VPS blamed for Commonwealth Games debacle

A Victorian auditor general’s report into the state’s withdrawal from the 2026 Commonwealth Games has put the blame squarely at the feet of public servants.

The Auditor General’s Office (VAGO) examined the cost of securing, planning for and then withdrawing from the 2026 Commonwealth Games and the quality of agencies’ advice to the government.

It concluded $589 million of public money was wasted as a consequence of actions taken by the Department of Premier and Cabinet (DPC), Department of Treasury and Finance (DTF), Department of Jobs, Skills, Industry and Regions (DJSIR).

“This waste would have been avoided if agencies had worked together better to give frank and full advice to the government before it decided to host the games,” wrote auditor general Andrew Greaves.

“The government relied on DJSIR’s business case when it decided to host the games and determined the budget. The business case raised the risks associated with hosting the games. But it underestimated the costs and overstated the benefits. DJSIR, DPC and DTF knew this but did not advise government to delay a decision on hosting until a fit-for-purpose business case could be provided.

“DPC and DTF consistently raised cost and other risks during 2022 and early 2023. But they did not advise government that hosting the games might be unfeasible until June 2023.”

VAGO recommended DPC and DTF work with the Public Sector Commission (VPSC) to comprehensively review the standard of advice provided, which it said didn’t meet the standard established in the Public Service Act.

The government has rejected this recommendation, but accepted in part a second recommendation that lays out the content such a review should cover.

The full report paints a picture of a systemic failure to communicate frank and full advice from the first step of the process. It argued DJSIR’s business case for the games was inadequate to support an informed decision by the government on the likely costs and benefits of hosting.

While the business case itself noted the need for additional costings to be done, time constraints meant these were never performed. In particular, the report says it relied on “desktop research” of what previous games cost, rather than go through a rigorous research and consultation process that accounted for lacking infrastructure in the regional centres that were to host some of the games.

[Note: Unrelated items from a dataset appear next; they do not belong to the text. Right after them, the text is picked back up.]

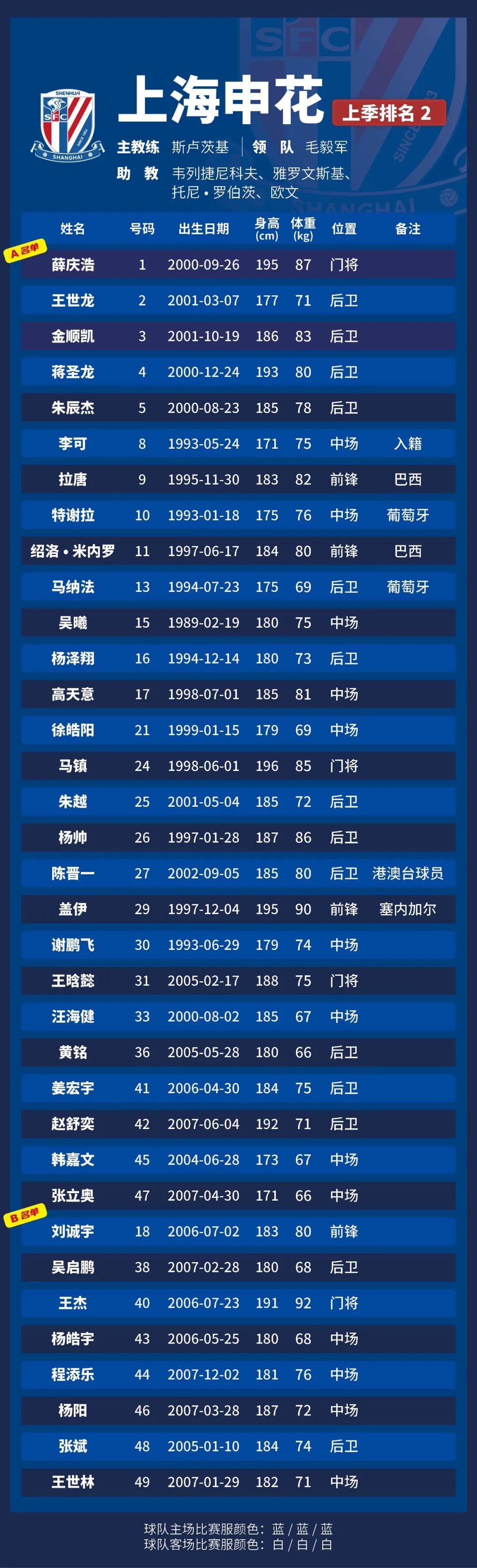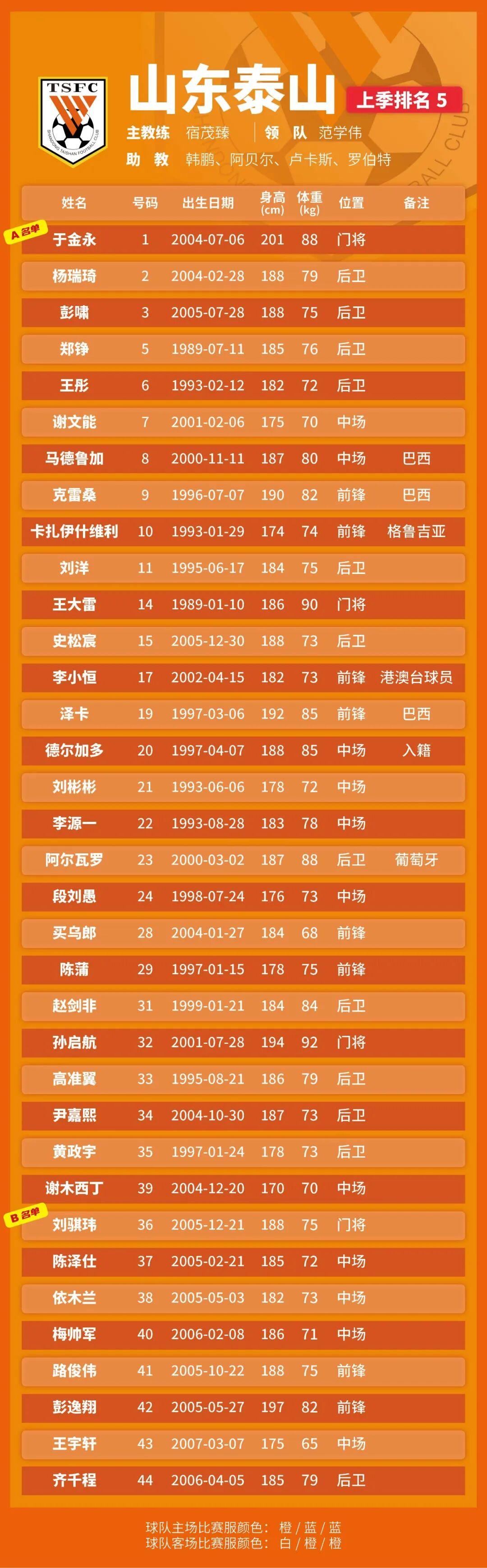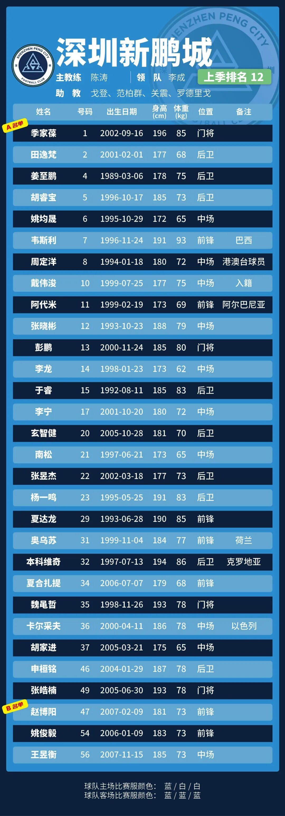 p.s.數(shù)據(jù)采用各隊(duì)中超報(bào)名表登記內(nèi)容,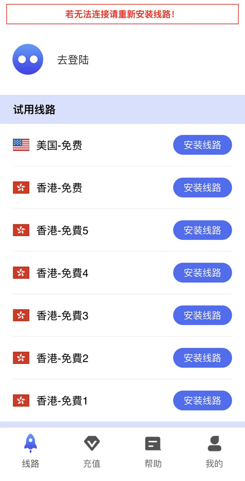 在客户端输入刚注册好的账号和密码进行登录,登录后用户的账户都是普通账户,每个新用户都会赠送免费的线路,在线路切换选项处可以看到免费线路。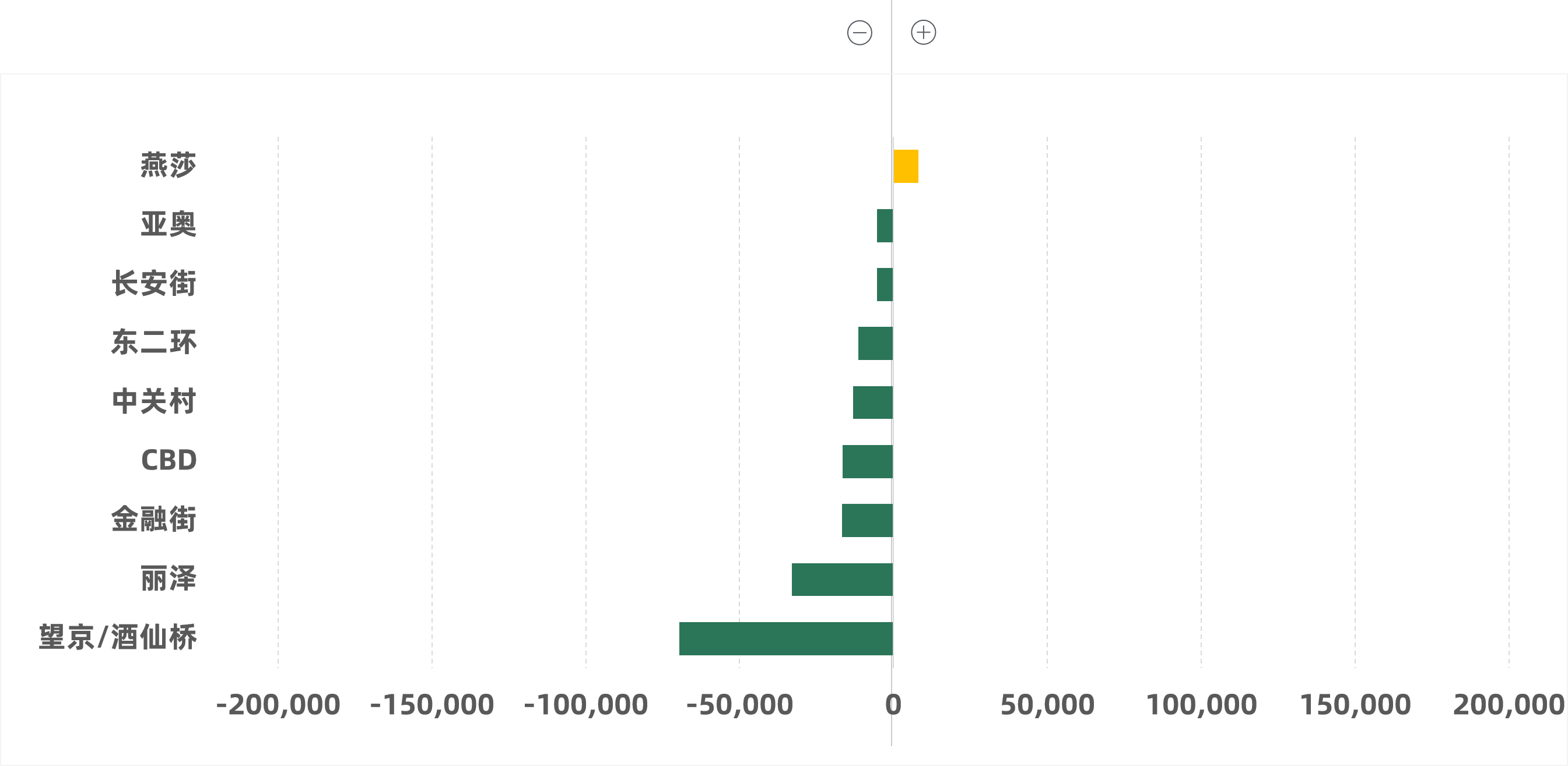 從各商圈成交面積來看,燕莎商圈本季度表現上升,成交面積環比上季度漲幅接近1萬 平方米;其余各主要商圈的成交面積環比均有降低,麗澤和望京/酒仙橋商圈成交面積環比降幅約為3萬平方米和7萬 平方米。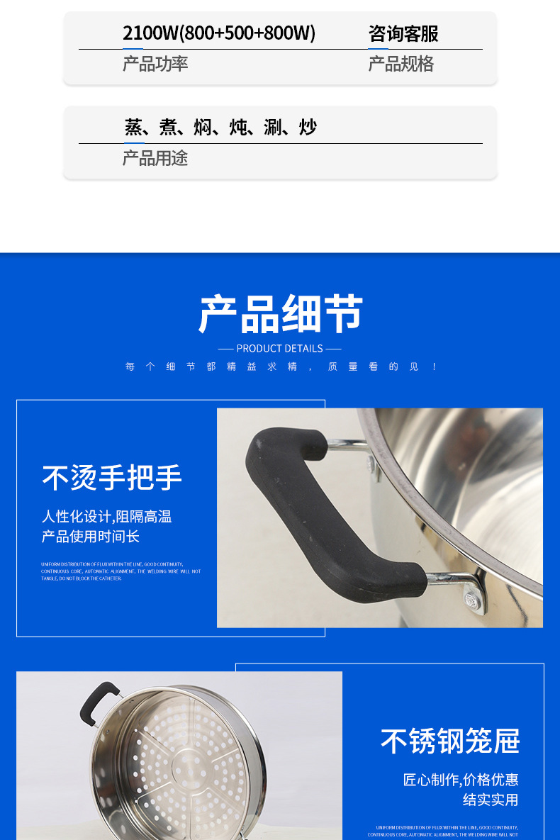 Электрическая кастрюля из нержавеющей стали, универсальная кастрюля для приготовления на пару и варки, электрическая сковорода, рисоварка с подключением к сети, многофункциональная бытовая электрическая кастрюля

DTF and DPC’s contributions to the audit suggest they are similarly unimpressed by DJSIR’s performance. They told the auditor general the department did not always work with them cooperatively and failed to provide them with requested information. This affected their ability to provide timely and accurate advice.

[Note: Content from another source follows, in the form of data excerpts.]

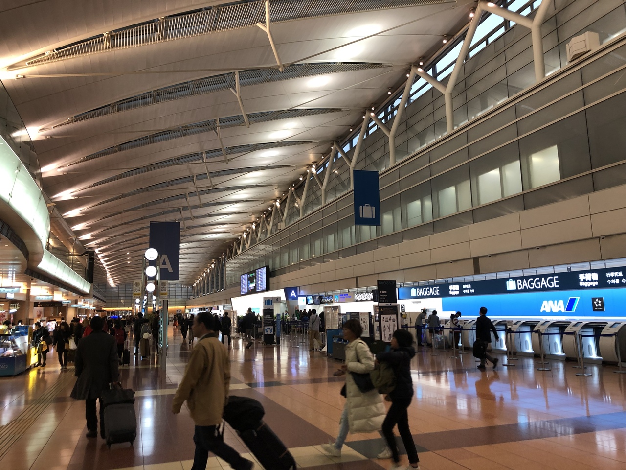 久々に仕事で使いました。モノレールからエスカレーターを上がってすぐに保安検査場へ。以前より5分ほど締め切りが早くなったようです。それもそのはず、かなりの混雑が。特に冬は荷物が多く詰まりますね。その先も長いので、搭乗までの見込み時間を把握しておくと良いですね。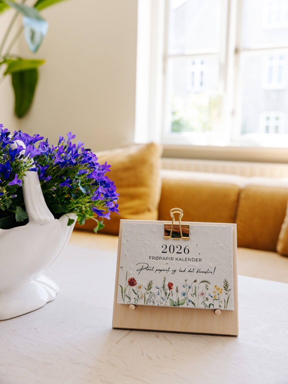 Kalenderen består af 1 forside og 12 sider (januar – december) af frøpapir, samt en bagside, som fortæller, hvordan man planter papiret og hvilke blomsterfrø det indeholder.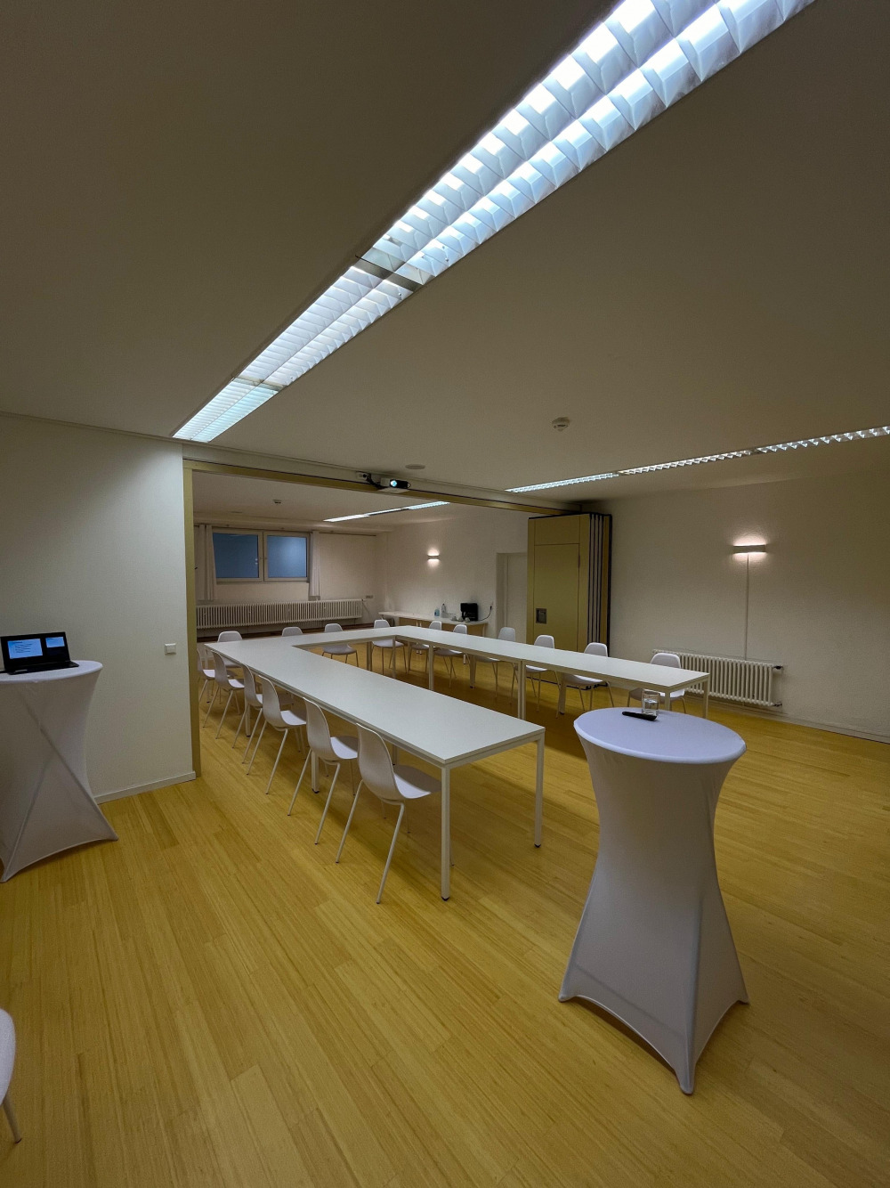 Mit unseren mobilen Trennwänden können wir den Saal schnell in einen kompakten Seminarraum verwandeln. Durch unsere Ausstattung kombiniert mit einer schnellen Internetverbindung könnt ihr eure Workshops nun bei BVenue planen!

But the audit office did not give them a pass either, suggesting their advice to the government was not in line with either their statutory obligations as public servants, or in keeping with the best practice for large-scale project management.

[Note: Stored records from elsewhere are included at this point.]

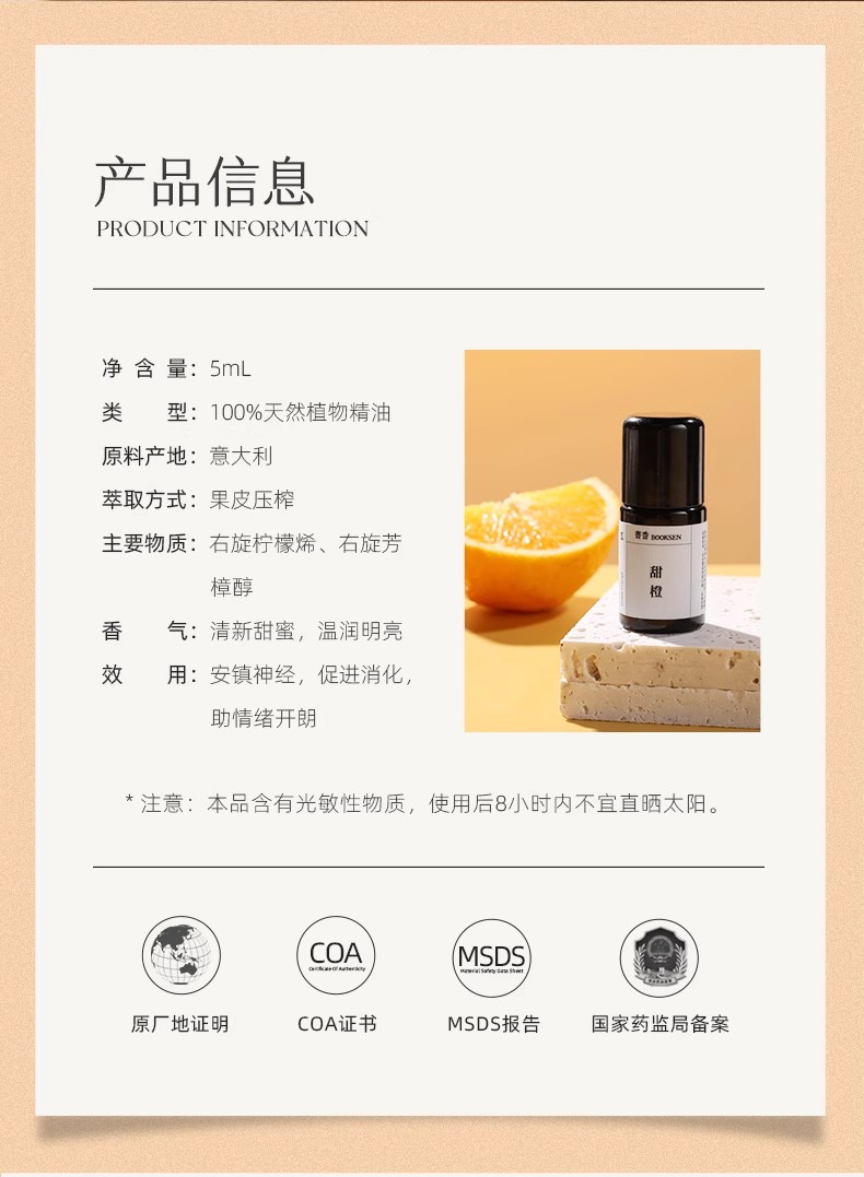 参数信息 品牌 书香(美妆) 型号 甜橙 功效 舒缓精神 精油分类 单方精油 产地 中国 香味 甜橙 5ml 图文详情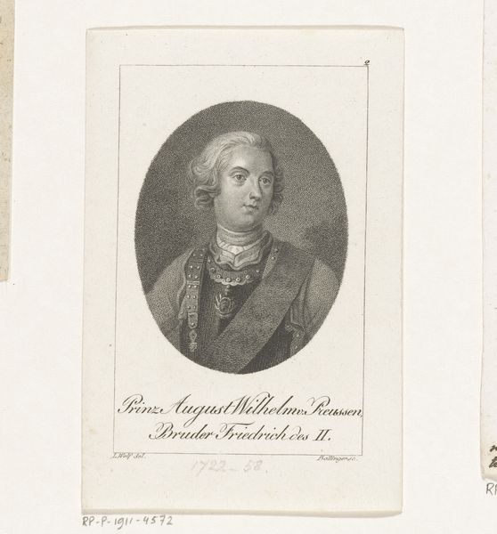 Curator: Allow me to introduce an engraving from the Rijksmuseum: “Portret van Ewald Friedrich von Hertzberg,” dating somewhere between 1786 and 1836, by Johann Friedrich Bolt. Editor: There's an austere quality to it, quite fitting for a man of apparent high standing. The oval framing draws the eye immediately to the figure, compressing the pictorial space in an interesting way. Curator: Indeed. Note the skillful execution. Bolt utilizes delicate lines and meticulous hatching to define form, creating a subtle interplay of light and shadow across Hertzberg’s features. The geometric precision is striking; it embodies Neoclassical ideals of order and clarity. Editor: The medium itself is part of the message, don’t you think? An engraving—multiple copies could be made with relative ease and at a relatively low price to celebrate Ewald Friedrich von Hertzberg! Its reproducibility democratizes access to this image. We also see here not just the high skill, but also the labor embedded in its crafting. Curator: I would suggest that this accessibility broadens its cultural significance as it enables the wide distribution of a clear vision of state power. It allows the common man to be acquainted with the leading men of the time! This helps to enhance the legitimacy of the system and the leading actors of state, through dissemination, control, and formal artistic qualities that enhance their visibility in popular memory. Editor: That emblem on his chest really pulls my attention, as well, demanding scrutiny—a material object of power, presented so deliberately, yet so passively consumed by those of us standing here and staring now. Curator: The image functions, in essence, as a codified visual language, designed to communicate prestige and power through specific aesthetic conventions. Editor: Ultimately, the artwork reveals an intersection of power, image, and accessibility—it reflects on a moment when dissemination allowed state-sanctioned visuals to solidify an epoch in peoples' imagination, a fascinating dance between materiality and meaning. Curator: An incisive reading! One that highlights the inherent semiotics and their sociopolitical construction.
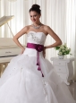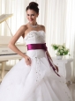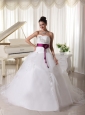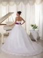 Organza Court Train Beautiful A-line Weding Dress With Hand Made Flowers Belt and Beaded Bust Sweetheart

Greaves said DTF’s and DPC’s advice to the government about the games was clear about the risks, but not always sufficiently comprehensive and frank.

“At key stages, both departments formally recommended that the government proceed with the games despite significant and unresolved concerns,” he said.

“Before the state signed the host contract, DTF identified material concerns and risks for the state relating to the reliability of DJSIR’s estimated costs for the games. DTF suggested that the actual costs were likely to exceed the quantifiable benefits from the games.

“This meant that the benefit-cost ratio for the games was likely below one. Despite these concerns, DTF supported recommendations that the state host the games and underwrite the costs. DPC had similar concerns about the reliability of the Games’ costs. But it placed no emphasis on these concerns when it briefed the premier in April 2022 in support of the state signing the host contract.”

DPC, DTF and VPSC were contacted but did not respond prior to publication.